Success rate vs end Y. Polynomial fit peaks near y ≈ 33 — back-post side.
Headers at the far post dominate successful outcomes. Non-header contacts (chest, foot) consistently underperform regardless of zone or swing type.
| Post | Swing | Body part | Count | Rate |
|---|---|---|---|---|
| Far post | outswinging | Head | 2,485 | 8.61% |
| Far post | inswinging | Head | 1,378 | 8.35% |
| Near post | inswinging | Head | 1,042 | 8.06% |
| Near post | outswinging | Head | 1,897 | 7.33% |
| Near post | outswinging | Other | 4,793 | 1.79% |
| Far post | outswinging | Other | 12,146 | 1.48% |
An XGBoost expected goals model and interactive dashboard covering the top 5 European leagues, built on ~257,000 shots from Understat (2020–2025). Three situation-specific models handle open play, corners, and set pieces separately, with isotonic calibration. Data refreshes daily via GitHub Actions.

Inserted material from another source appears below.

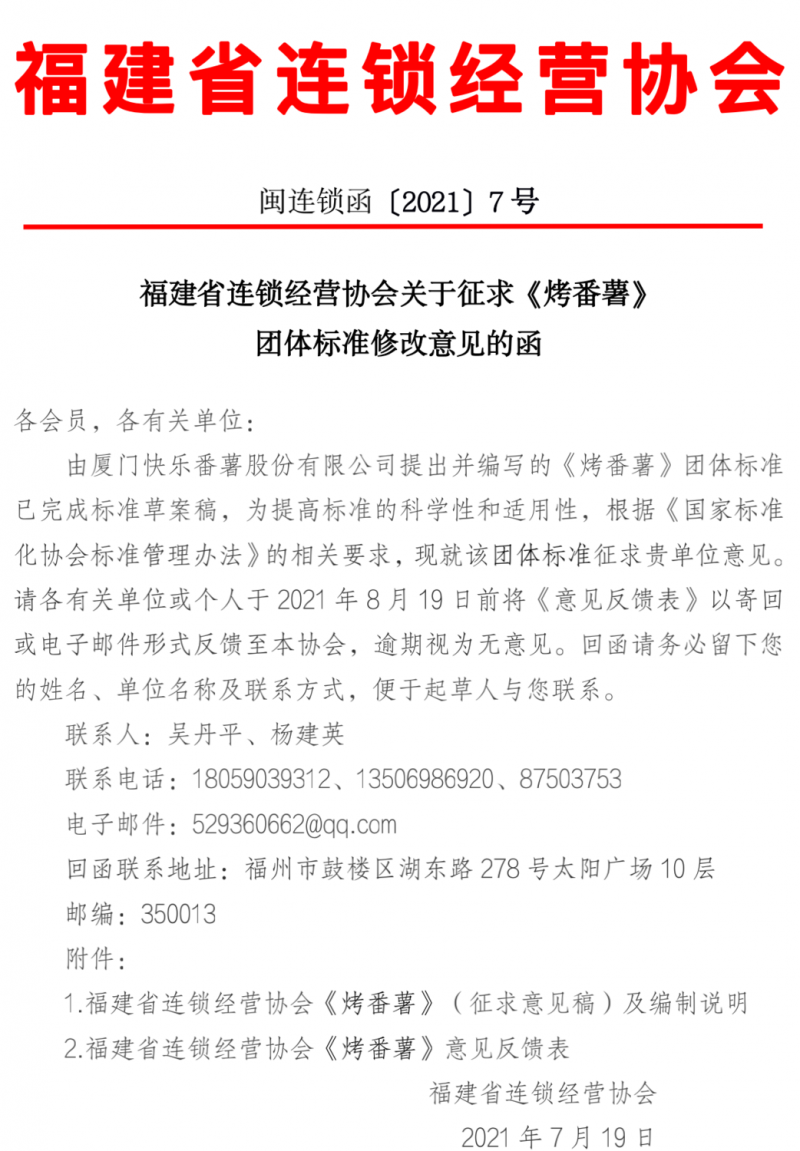 核心提示:福建省連鎖經營協會關于征求《烤番薯》團體標準修改意見的函(閩連鎖函〔2021〕 7號)。
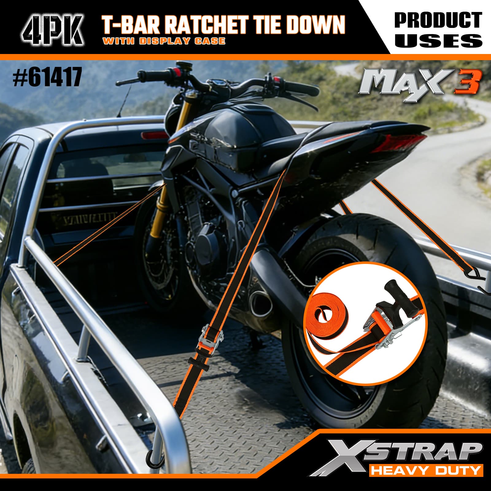 - マックス グリップ T バー ラチェット メカニズム: 人間工学に基づいた T バー ハンドルを備えており、てこの作用を強化してスムーズで少ない力で張力をかけることができます。直感的に操作できるため、どのようなスキル レベルのユーザーでも荷物を素早く固定できます。

Each shot is routed to a situation-specific XGBoost classifier based on how it was created. All three are wrapped in CalibratedClassifierCV(method="isotonic") and tuned independently via GridSearchCV (3-fold CV, Brier score). Penalties are fixed at 0.76 xG.
| Model | Situations | Key features |
|---|---|---|
| OpenPlay | Open play, counter-attacks | Distance, angle, counter-attack proxy, throughball, rebound |
| FromCorner | Corner kicks | Header interactions, centrality, weak-angle header |
| SetPiece | Direct & indirect free kicks | Distance, angle, shot type |
24 features across geometry (distance, angle, coordinates), shot type flags (header, foot, penalty), interaction terms, zone context, and proxy variables. Because Understat labels counter-attacks as open play, a fast_break proxy is engineered from the preceding action type to capture counter-attack context without direct tagging.
| Metric | This model | Understat |
|---|---|---|
| ROC-AUC | 0.792 | 0.805 |
| Brier score | 0.074 | 0.072 |
The small gap vs Understat is expected — commercial models incorporate freeze-frame data (exact defender positions at the moment of the shot) which Understat does not expose via their public API.